There’s a restless feeling throughout, as though the text wants to stretch beyond the obligations of cohesion. Later, Dodge dreams he has seen the words “I’M SRY FER THIS TARIBLE BRANE KLAPS” on floating pieces of cardboard. At first read, it seems a clear expression of anxiety about his father’s decline. Two days later, he learns that brane is not necessarily a misspelling of brain, but a word for the membranes of parallel worlds we can’t see. Is the brane collapse that between art and reality? Life and death? The human and the cosmic? Or is it the book itself, shimmering enigmatically as its threads strain for connection?

Enter love, woven like interlace into the gaps. Where Nelson pivoted us toward intimacy at a time of new queer optimism, Dodge courts it, expansively defined, in a moment of renewed pessimism. My Meteorite is committed to love, and charged with it, too—affirming what artist Fiona Connor says in response to Dodge’s ongoing inquiry. “I don’t understand why,” he ponders, by way of explaining his social experiment, “if a sculpture is a hunk of molecules and people are hunks of molecules, why hanging out for days on end wrestling with a hunk of aluminum yields different results, no results, doesn’t create a magix.
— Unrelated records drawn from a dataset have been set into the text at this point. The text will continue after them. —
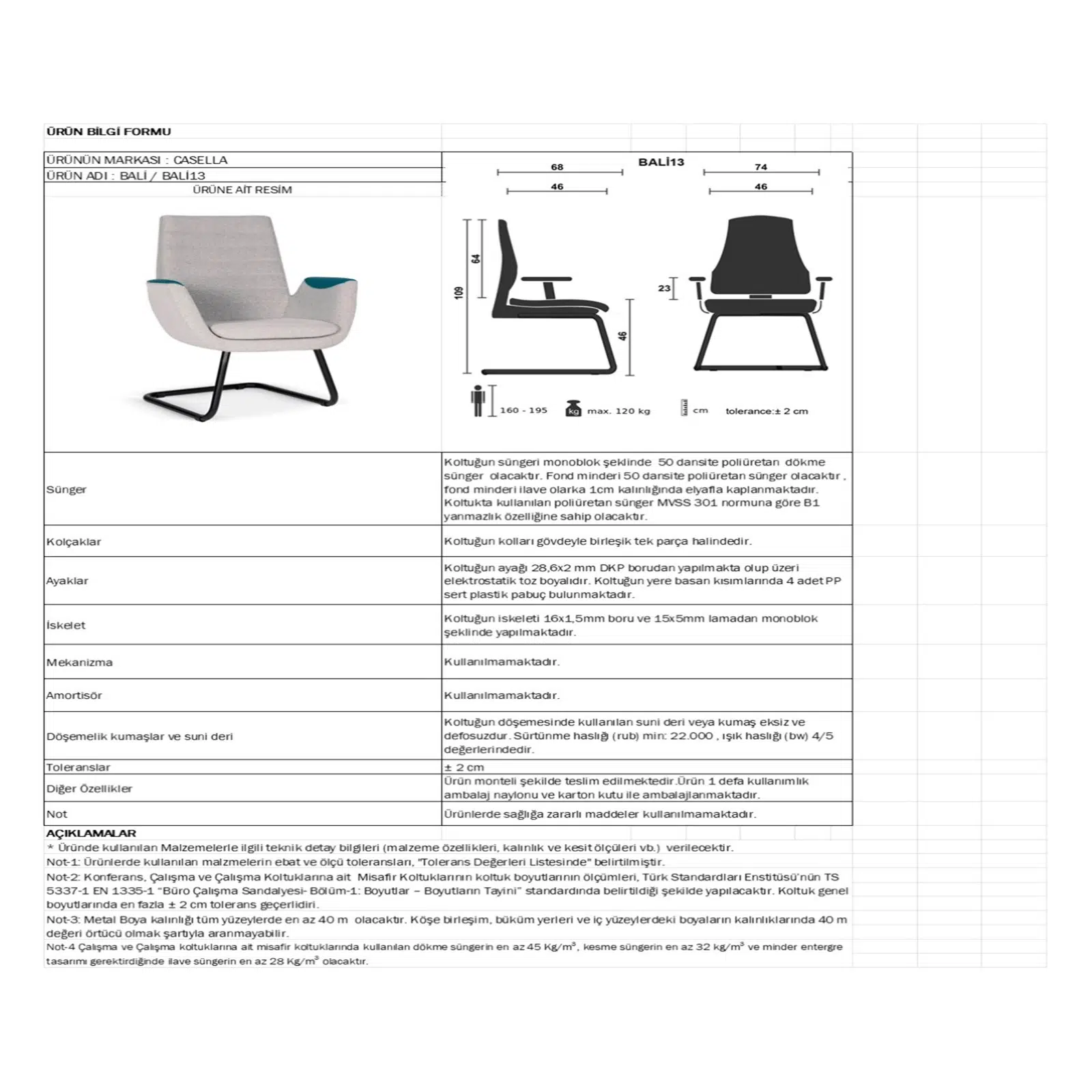 | Ayak Tipi | Boyalı U form metal ayak + plastik ayak |
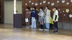 今日の昼休みに23日(火)に行われる1年生を迎える会のリハーサルを行いました。
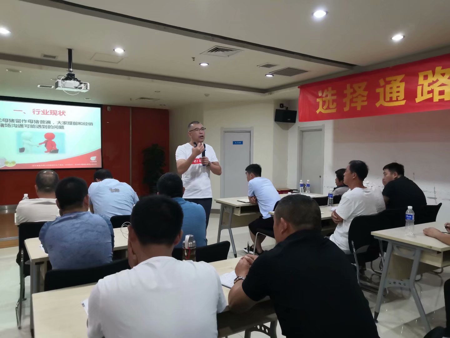 飛龍飼料公司銷售總監(jiān)為學(xué)員剖析目前行業(yè)現(xiàn)狀、最熱話題非洲豬瘟疫苗、未來我們?cè)撊绾螒?yīng)對(duì),非洲豬瘟對(duì)行業(yè)影響很大,對(duì)以豬料為主的業(yè)務(wù)員影響也比較大,很多人已經(jīng)退出這個(gè)行業(yè),經(jīng)過一輪的淘沙,留下的人員該如何做,李總為大家指明未來發(fā)展的方向和道路,更從產(chǎn)品角度為學(xué)員梳理了產(chǎn)品特點(diǎn),為了檢驗(yàn)學(xué)員所學(xué),涉及檢驗(yàn)環(huán)節(jié),讓學(xué)員上臺(tái)演講鍛煉,這對(duì)學(xué)員素質(zhì)有一次大的提升。

Isn’t it all relating?”

“They both feed back,” she tells him. “It’s metabolism. These sculptures release that magic over years, maybe a lifetime. Humans, I would think, re-render it in the course of a day, or even, like this, a conversation!” I can’t say I followed all its threads, but Dodge’s mystical intimacy quest feeds back steadily and sustains.

Megan Milks is a writer living in Brooklyn.